Merge pull request #209 from travisgroth/bugfix/azure-oidc

internal/identity: fix azure group lookup
2025-05-03 12:26:03 +02:00 · 2019-07-06 10:15:55 -07:00 · 2019-07-06 10:15:55 -07:00 · 10a1d2fd7e
commit 10a1d2fd7e
parent d213317a8e b2754fd822
4 changed files with 8 additions and 8 deletions
--- a/CHANGELOG.md
+++ b/CHANGELOG.md
@ -15,6 +15,7 @@
 ### FIXED

 - Fixed HEADERS environment variable parsing [GH-188]
+- Fixed Azure group lookups [GH-190]

 ## v0.0.5

--- a/authenticate/handlers.go
+++ b/authenticate/handlers.go
@ -304,7 +304,6 @@ func (a *Authenticate) ExchangeToken(w http.ResponseWriter, r *http.Request) {
 		httputil.ErrorResponse(w, r, &httputil.Error{Code: http.StatusInternalServerError, Message: "could not exchange identity for session"})
 		return
 	}
-	log.Info().Interface("session", session).Msg("Session")
 	if err := a.restStore.SaveSession(w, r, session); err != nil {
 		log.Error().Err(err).Msg("authenticate: failed returning new session")
 		httputil.ErrorResponse(w, r, &httputil.Error{Code: http.StatusInternalServerError, Message: "authenticate: failed returning new session"})
--- a/docs/docs/identity-providers.md
+++ b/docs/docs/identity-providers.md
@ -75,7 +75,7 @@ Next you need to ensure that the Pomerium's Redirect URL is listed in allowed re

 Next, in order to retrieve group information from Active Directory, we need to enable the necessary permissions for the [Microsoft Graph API](https://docs.microsoft.com/en-us/graph/auth-v2-service#azure-ad-endpoint-considerations).

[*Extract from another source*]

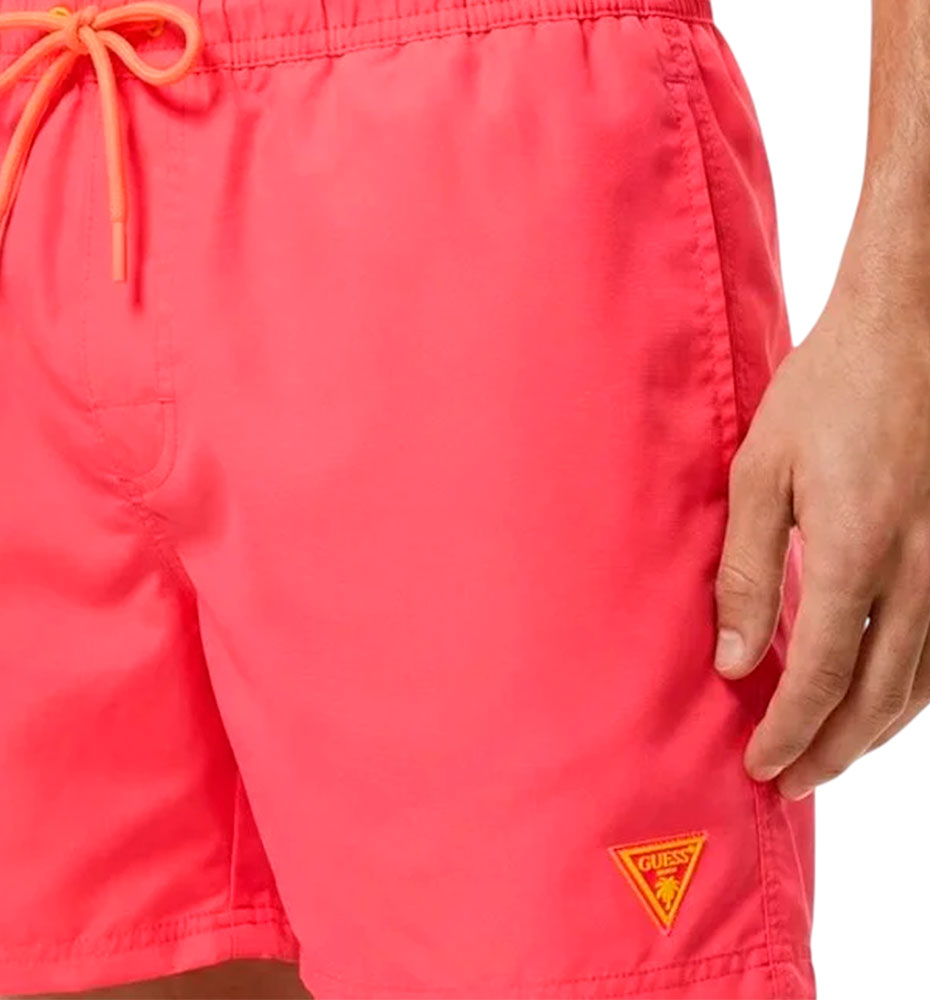 El bañador de baño para hombre GUESS combina estilo moderno y comodidad, con diseño de secado rápido, cintura elástica y logo icónico de la marca, ideal para playa o piscina.

-On the **App registrations** page, click **API permissions**. Click the **Add a permission** button and select **Microsoft Graph API**, select **Delegated permissions**. Under the **Directory** row, select the checkbox for **Directory.Read.All**.
+On the **App registrations** page, click **API permissions**. Click the **Add a permission** button and select **Microsoft Graph API**, select **Delegated permissions**. Under the **Directory** row, select the checkbox for **Group.Read.All**.

 ![Azure add group membership claims](./microsoft/azure-api-settings.png)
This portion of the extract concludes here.